イベント運営の作業が能力のある一部の者に偏る傾向にあったが、会員と一緒に運営してゆく体制に変化したことで、事務局スタッフに対する負担の低減、会員間の交流の活性化につながった。

助成事業の総合評価

 本団体の活動の柱のひとつに環境教育が挙げられる。先進国である日本に住む人たちの意識・行動を変えずして解決の無い「ボルネオの生物多様性保全」が本団体のミッションであるからである。しかしながら、従来は、環境教育活動は私たちの団体にシステム化された考え方はなく、環境教育分野で活動してきた一部の理事の力量に依存するという実情だった。けれども、本助成が後押しとなり、会員のリーダーシップや環境教育活動への参画が組織として承認され、ワークショップ運営手順等がシステム化、環境教育テキストが整備された。それによって、今までボランティアとして参加をしたくても宙に浮いていた状態の会員が一緒に参加し、運営・活動しやすい形に変わってきていると実感する。

今後の展望について

 依然として、一部のスタッフの労働的偏りが高い。個々の事業を継続・発展させていくためには、ボランティア参加の仕組みを整備し、生産性を上げていくことが必要である。
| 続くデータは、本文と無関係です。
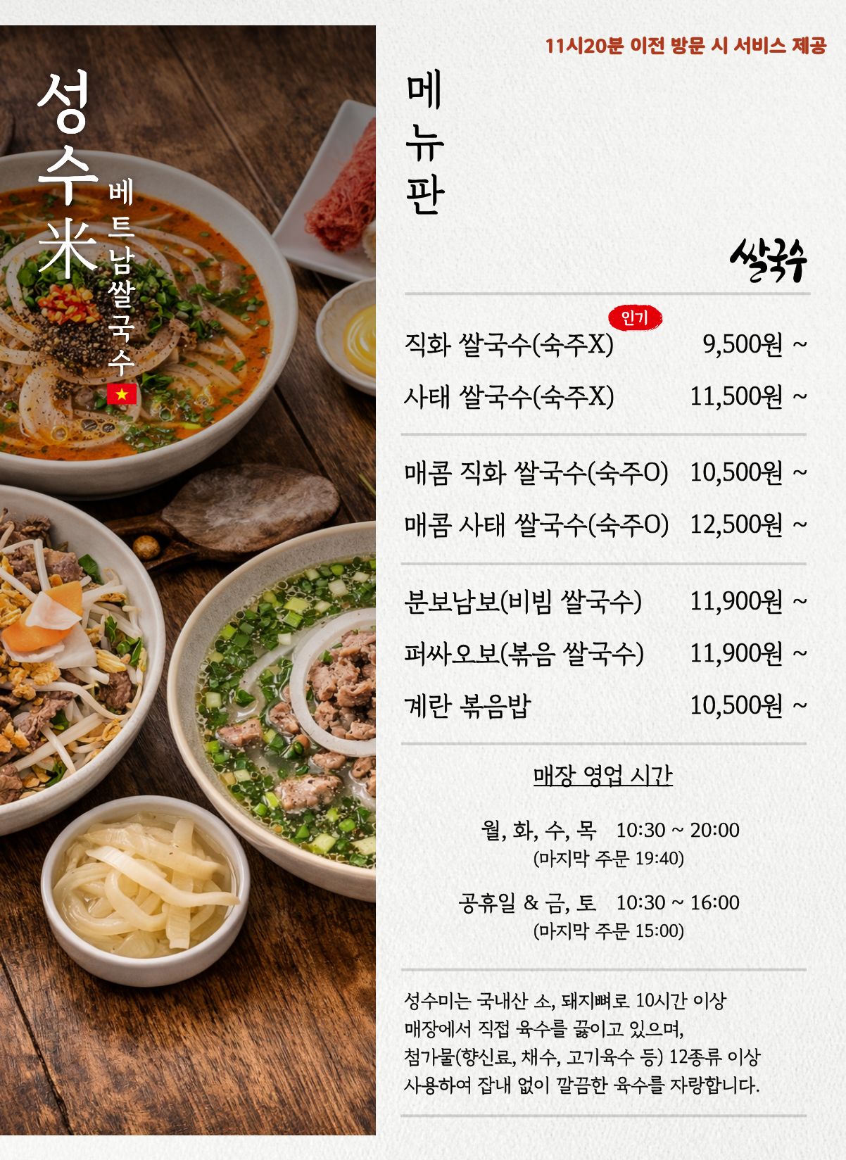 직화 쌀국수(숙주X) 9,500 | 사태 쌀국수(숙주X) 11,500 | 매콤 직화 쌀국수(숙주O) 10,500 | 매콤 사태 쌀국수(숙주O) 12,500 | 분보남보(비빔 쌀국수) 11,900 | 퍼싸오보(볶음 쌀국수) 11,900 | 계란 볶음밥 10,500
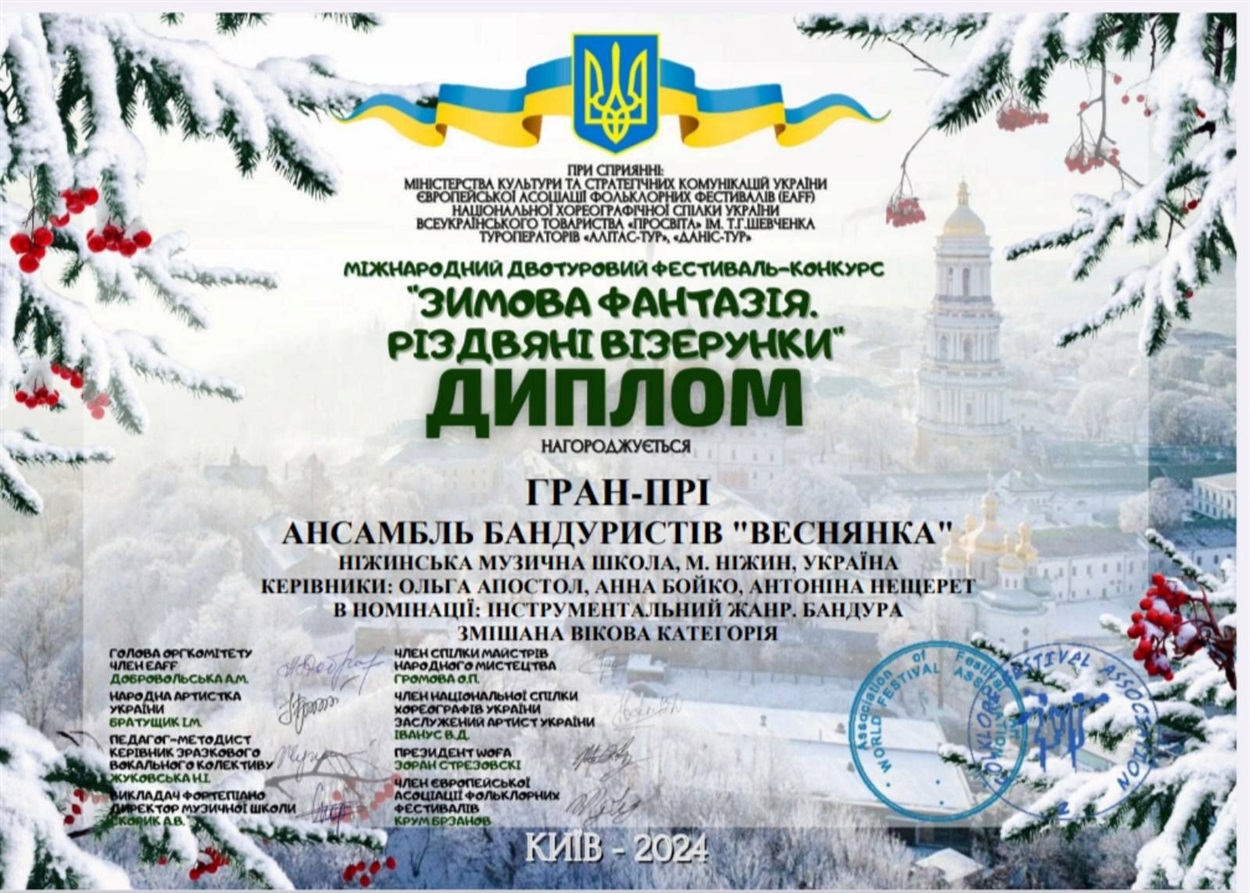 Ансамбль бандуристів "ВЕСНЯНКА" Ніжинської музичної школи здобув ГРАН-ПРІ в Міжнародному двотуровому фестивалі-конкурсі "ЗИМОВА ФАНТАЗІЯ. РІЗДВЯНІ ВІЗЕРУНКИ"! (Київ). За вершинні досягнення творчого колективу завдячуємо його керівникам - Ольга АПОСТОЛ, Анна БОЙКО, Антоніна НЕЩЕРЕТ. Зичимо натхнення і нових творчих звершень! - повідомляє музична школа.
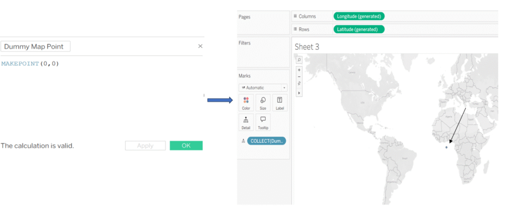 Step 1: To generate dummy points on the map, create a calculated field (dummy map point) using makepoint (0,0) formula, now double-click on the newly created field, Tableau will automatically place Longitude and Latitude in columns and rows shelves and show a dot on the map.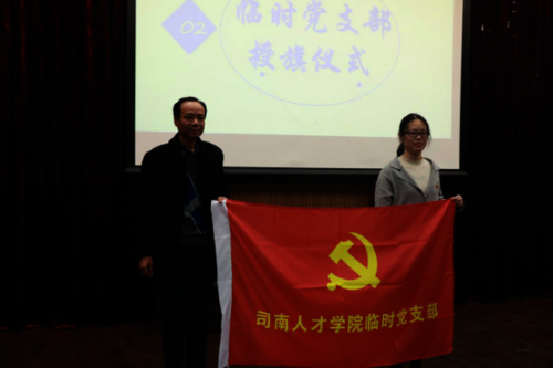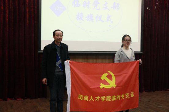 全体学员起立奏唱国歌后,现场举行了临时党支部授旗仪式,由吴兴农书记向临时党支部书记高露薇授旗,旗帜的传递意味着福利姬 党委在培养学生干部上的重任的传递。随后,吴书记和管书记为上台的学员代表佩戴司南徽章。

本助成事業によって組織化した環境教育部の会員に徐々に引き継げるよう組織基盤を整備していきたいと思う。また、経営基盤では、専従職員や事務局長を継続的に雇用できる段階には未だ十分ではない。また、イベント運営についても、来年度以降も依頼主と継続して良い関係を結んでいかなければならないし、大変苦労した白書も毎年継続して発行していきたい。新しく課題解決に取り組むのではなく、この状態をまずは3年継続できるかどうかが今後の課題だと思っている。

事務局より

 本団体は、国内基幹事業である動物園等公共施設での環境教育活動やキャンペーン活動の質の向上と拡大に課題を抱えていました。それは国内事務局の経営基盤の脆弱さに起因していましたが、さらに根源の課題には、事務局または理事会内で目指すべきビジョンが共有されていなかったこと、また、運営方針が曖昧だったことが、本助成事業を進めるにしたがって明らかとなりました。環境教育テキストやパーム油白書の作成を進めるコンセンサスの中で、全国に散らばる理事と事務局が何度も議論を繰り返した成果と考えます。そして、関東と関西のボランティアのインセンティブの相違についても明らかになったことで、両地域それぞれで異なる環境教育事業の運営方針、ボランティア育成方針が確立しつつあります。今後は、作成した環境教育テキストやパーム油白書を活用して、事務局を支えるボランティアの育成を図り、過大であった事務局の負担を軽減し、また、企業への営業を繰り返し、国内事務局の持続可能な組織基盤の構築を期待します。